DATA SUPPLIED
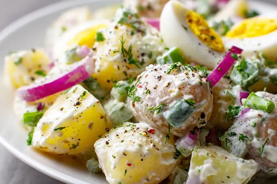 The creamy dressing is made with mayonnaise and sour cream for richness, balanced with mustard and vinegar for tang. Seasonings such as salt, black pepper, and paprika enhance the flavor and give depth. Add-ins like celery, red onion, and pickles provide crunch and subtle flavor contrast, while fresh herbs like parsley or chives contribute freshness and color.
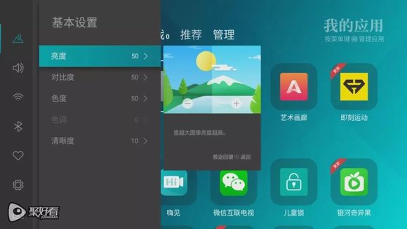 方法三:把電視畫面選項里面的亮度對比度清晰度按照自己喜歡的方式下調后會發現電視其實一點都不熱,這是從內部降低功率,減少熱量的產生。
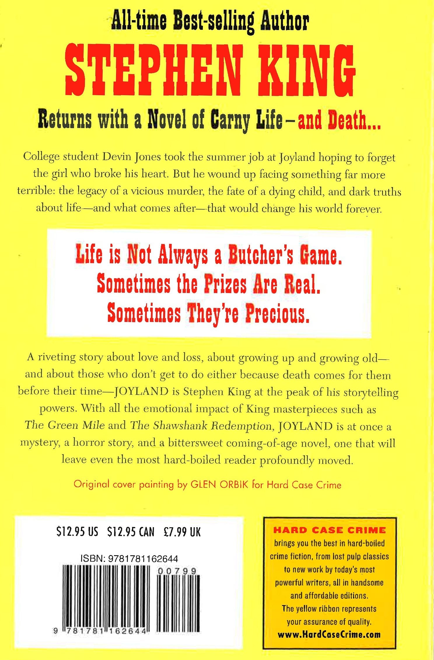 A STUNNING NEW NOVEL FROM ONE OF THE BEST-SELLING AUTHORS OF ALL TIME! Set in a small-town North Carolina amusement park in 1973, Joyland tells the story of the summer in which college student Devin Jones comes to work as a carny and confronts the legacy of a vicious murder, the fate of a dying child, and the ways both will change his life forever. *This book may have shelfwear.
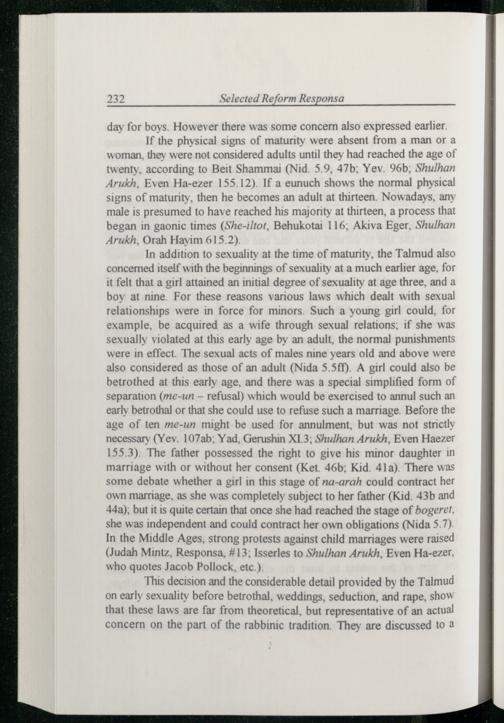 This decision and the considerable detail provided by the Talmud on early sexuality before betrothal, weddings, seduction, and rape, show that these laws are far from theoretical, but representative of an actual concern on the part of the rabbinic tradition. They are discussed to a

...

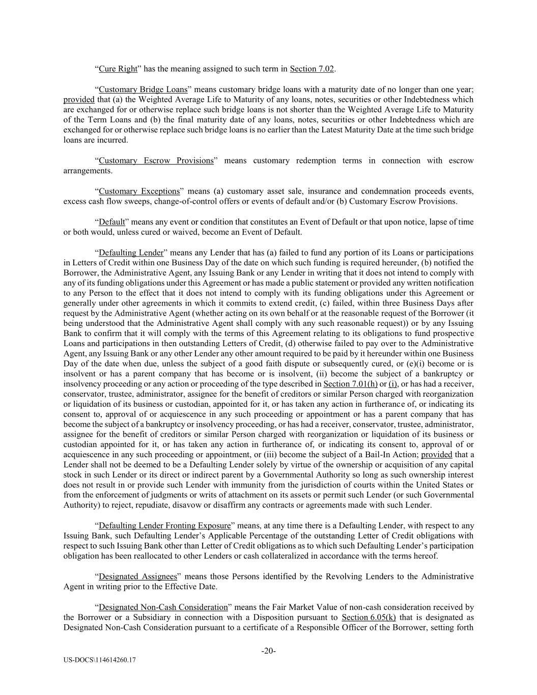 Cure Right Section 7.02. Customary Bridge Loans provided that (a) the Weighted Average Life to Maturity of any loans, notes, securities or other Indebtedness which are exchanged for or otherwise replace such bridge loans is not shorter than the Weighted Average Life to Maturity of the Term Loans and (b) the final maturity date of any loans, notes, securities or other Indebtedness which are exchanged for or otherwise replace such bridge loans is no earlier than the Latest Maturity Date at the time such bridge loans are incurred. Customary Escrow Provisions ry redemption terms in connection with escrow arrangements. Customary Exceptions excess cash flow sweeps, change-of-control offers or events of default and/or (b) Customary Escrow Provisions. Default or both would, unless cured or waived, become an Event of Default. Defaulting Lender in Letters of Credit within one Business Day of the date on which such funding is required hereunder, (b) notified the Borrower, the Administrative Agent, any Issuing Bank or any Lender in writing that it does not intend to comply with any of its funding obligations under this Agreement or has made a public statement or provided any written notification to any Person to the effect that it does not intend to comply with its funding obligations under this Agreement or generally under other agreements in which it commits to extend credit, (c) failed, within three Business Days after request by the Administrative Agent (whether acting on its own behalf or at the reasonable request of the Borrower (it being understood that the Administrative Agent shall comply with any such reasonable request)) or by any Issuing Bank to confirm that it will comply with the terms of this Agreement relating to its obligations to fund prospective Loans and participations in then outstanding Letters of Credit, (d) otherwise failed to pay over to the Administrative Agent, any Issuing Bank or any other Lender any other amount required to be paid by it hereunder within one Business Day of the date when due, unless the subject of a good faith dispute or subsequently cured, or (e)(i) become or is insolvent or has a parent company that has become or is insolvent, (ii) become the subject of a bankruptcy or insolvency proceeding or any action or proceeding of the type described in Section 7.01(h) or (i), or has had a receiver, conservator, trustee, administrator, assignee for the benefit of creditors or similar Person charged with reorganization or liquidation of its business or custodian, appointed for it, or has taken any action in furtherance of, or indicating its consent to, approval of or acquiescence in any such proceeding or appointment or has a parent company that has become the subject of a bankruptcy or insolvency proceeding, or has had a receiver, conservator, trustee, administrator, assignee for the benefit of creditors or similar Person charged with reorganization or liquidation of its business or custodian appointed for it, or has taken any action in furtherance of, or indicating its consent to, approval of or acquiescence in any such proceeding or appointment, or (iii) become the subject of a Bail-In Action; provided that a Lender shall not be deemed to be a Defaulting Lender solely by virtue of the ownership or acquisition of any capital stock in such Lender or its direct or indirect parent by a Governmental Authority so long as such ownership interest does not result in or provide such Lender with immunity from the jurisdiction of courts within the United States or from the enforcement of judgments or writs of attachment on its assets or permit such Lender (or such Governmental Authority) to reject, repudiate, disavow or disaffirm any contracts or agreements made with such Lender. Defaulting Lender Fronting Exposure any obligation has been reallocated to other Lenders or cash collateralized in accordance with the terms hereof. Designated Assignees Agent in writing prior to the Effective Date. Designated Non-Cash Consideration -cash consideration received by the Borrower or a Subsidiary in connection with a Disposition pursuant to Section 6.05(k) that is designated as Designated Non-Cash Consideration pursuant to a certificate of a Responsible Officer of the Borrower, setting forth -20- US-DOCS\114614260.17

ASSIGNMENT
Copy word for word only the lines above from the one with "The creamy dressing" through the one with "方法三:把電視畫面選項里面的". Leave pictures out.

SOLVED PROBLEM
 The creamy dressing is made with mayonnaise and sour cream for richness, balanced with mustard and vinegar for tang. Seasonings such as salt, black pepper, and paprika enhance the flavor and give depth. Add-ins like celery, red onion, and pickles provide crunch and subtle flavor contrast, while fresh herbs like parsley or chives contribute freshness and color.
 方法三:把電視畫面選項里面的亮度對比度清晰度按照自己喜歡的方式下調后會發現電視其實一點都不熱,這是從內部降低功率,減少熱量的產生。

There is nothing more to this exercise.